In the early 1970s, Nigeria was ready for its close-up. The African nation had just prevented its eastern province from seceding and was experiencing a boom in its oil industry. Life was good, the people were ready to party, and across the country, bands sprang up to provide locals with a soundtrack.
Thirty years later, the U.K.-based Soundway label has unearthed a bunch of these recordings on a trio of new compilations: the two-CD Nigeria Special, and two single discs, Nigeria Disco Funk Special and Nigeria Rock Special. Think Vampire Weekend, but a hell of a lot funkier.
"Since record sales were going up month after month, record companies were becoming more confident about giving deals to smaller bands," says Soundway owner Miles Cleret. "The 45 was still going strong. The beauty of that was that bands would be given a one-45 deal, and that was their chance to do something."
U.S. music geeks are familiar with two Nigerian music-makers: Fela Kuti and King Sunny Adé, neither of whom is represented on these new CDs. The still-touring Adé plays juju — a guitar-driven style that mingles dub effects, talking drums, and a tropical sway with gentle vocals and a generally life-affirming party vibe. On the other hand, Kuti, who died of AIDS in 1997, combined explicit, name-naming political lyrics with free-jazz saxophone and churning, James Brown-like funk rhythms. He was repeatedly hassled by the government for his 20-minute Afrobeat jams — like "Sorrow, Tears & Blood," "Zombie," and "Teacher Don't Teach Me Nonsense" — and often ended up in jail.
Most of the music on the Nigeria Special compilations avoids Fela-esque ranting. Bands like Popular Cooper & His All Beats Band, Dan Satch & His Atomic 8 Dance Band of Aba, and Bongos Ikwue & the Groovies didn't want to stop the party, let alone bring down the government. The superb liner notes by Cleret paint a portrait of a thriving polyglot city where everyone relentlessly craved new sounds and thrills.
Electric guitars dominate Nigerian music. But there's a huge distance between the lilting, almost Hawaiian slide and muted trumpet of Celestine Ukwu & His Philosophers National's "Okwukwe Na Nchekwube" (on Nigeria Special) and the scorched acid-rock soloing of the Hygrades' "In the Jungle" (on Nigeria Rock Special). Vocals run the gamut from call-and-response chanting in Dele Ojo & His Star Brothers Band's "Oja Omoba" to the garage-rock yowling of Joe King Kologbo & His Black Sound's "Another Man's Thing," which is sort of a mid-'70s Afro-punk prequel to "O.P.P."
Cleret's favorite artist of the period is singer-guitarist Sir Victor Uwaifo, whose genteel voice and bluesy picking kinda make him the B.B. King of the Nigerian highlife style. His "Osalobua Rekpama" is one of the highlights on Nigeria Special.
"He's always been an enigma in Nigerian music, and I just find an extraordinary amount of joy in his music," says Cleret. "I've met the guy, and he's a wonderful bloke. He's the guy I can listen to over and over, more and more. That's what happens with music: Things shock and amaze you the first time you hear them, but the things that stand the test of time are the ones that shine, the more you put them on."

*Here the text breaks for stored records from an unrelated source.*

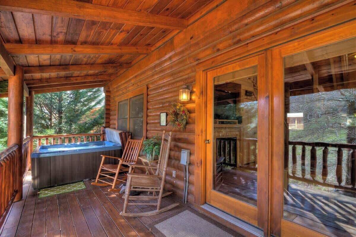 The covered deck offers an outdoor hot tub and rocking chairs. Kick back with a glass of wine and enjoy this amazing view. There is no better place youâll want to be during a sunset! đ . In the summer months you can end your day with a fantastic view of the Dollywood fireworks display. đ đ
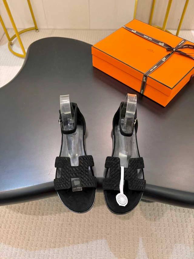 / 爱玛仕 25 2025春夏新品 顶级版本经典H型Oran粗跟拖鞋系列 鞋面:原版特定牛皮 内里:进口混种羊皮 大底:原版意大利真皮大底 跟高:平底 5Cm 鞋码
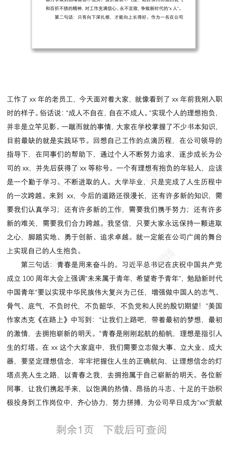 工圖網(wǎng)提供2021員工發(fā)言在公司新員工入職儀式上老員工代表的發(fā)言材料范文集團公司企業(yè)工作經(jīng)驗介紹供會員免費下載。更多精彩黨課PPT素材,盡在工圖網(wǎng)。
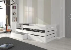 Lit Enfant Bois Pin Blanc 90×200 Cm Avec 2 Tiroirs De Rangement Kiko
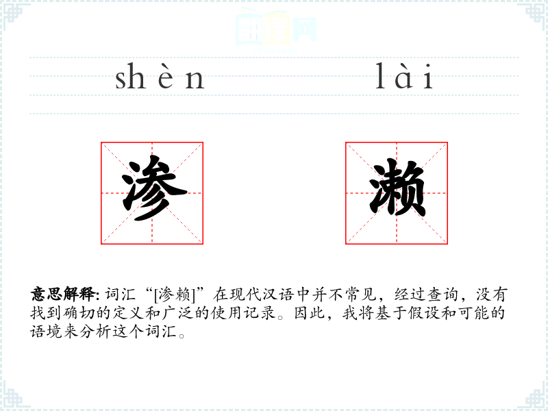 词汇“[渗赖]”在现代汉语中并不常见,经过查询,没有找到确切的定义和广泛的使用记录。因此,我将基于假设和可能的语境来分析这个词汇。
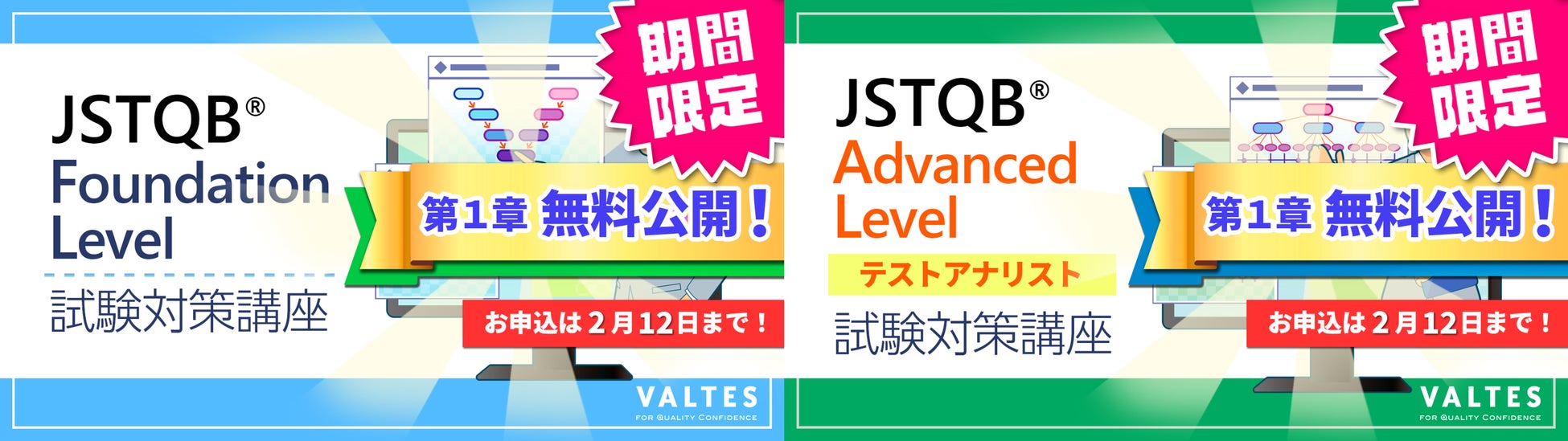 JSTQB資格の取得を目指す皆様にお役立ていただけるよう、Foundation Level試験とAdvanced Level試験対策eラーニング講座の、それぞれ第1章を無料公開する運びとなりました。

Only someone genuinely passionate about music would put in the time and effort that Cleret has. "You search around markets, you go to people's houses, you find old DJs, old producers, distributors, and piece together what you can from anybody that might have been working at the record companies at the time," he says. "It's real detective work."
More important, Cleret makes sure to officially license every recording he uses. Screwing artists out of their money isn't just something practiced by Western record companies; African labels do it too. "Quite often it's a case of [the company] actually telling musicians to go bang on the door and demand the money that they're owed," sighs Cleret. "It's a rotten old business."
In addition to the Nigeria Special albums, a fistful of other African-music compilations have been released since the turn of the millennium, including three excellent volumes of the Golden Afrique series, as well as Lagos Chop Up and two volumes of Nigeria 70.
With their psychedelic graphics and enthusiastic liner notes, these sets are aimed at a younger, hipper audience — not the genteel, middle-aged audience "world music" typically draws. "I was very aware that I was probably going to alienate [some] people by hitting them with some dance-floor funk and disco and heavy-rock guitars," says Cleret. "The so-called world-music crowd have always been slightly dubious of the funkier or rockier side of things.
"People are interested in music of all times and ages," he concludes. "They're always looking for something new and exciting. As the worlds of rock and funk and jazz and reggae start to dry up, people are looking for something new to excite them. Africa has a hell of a lot of surprises."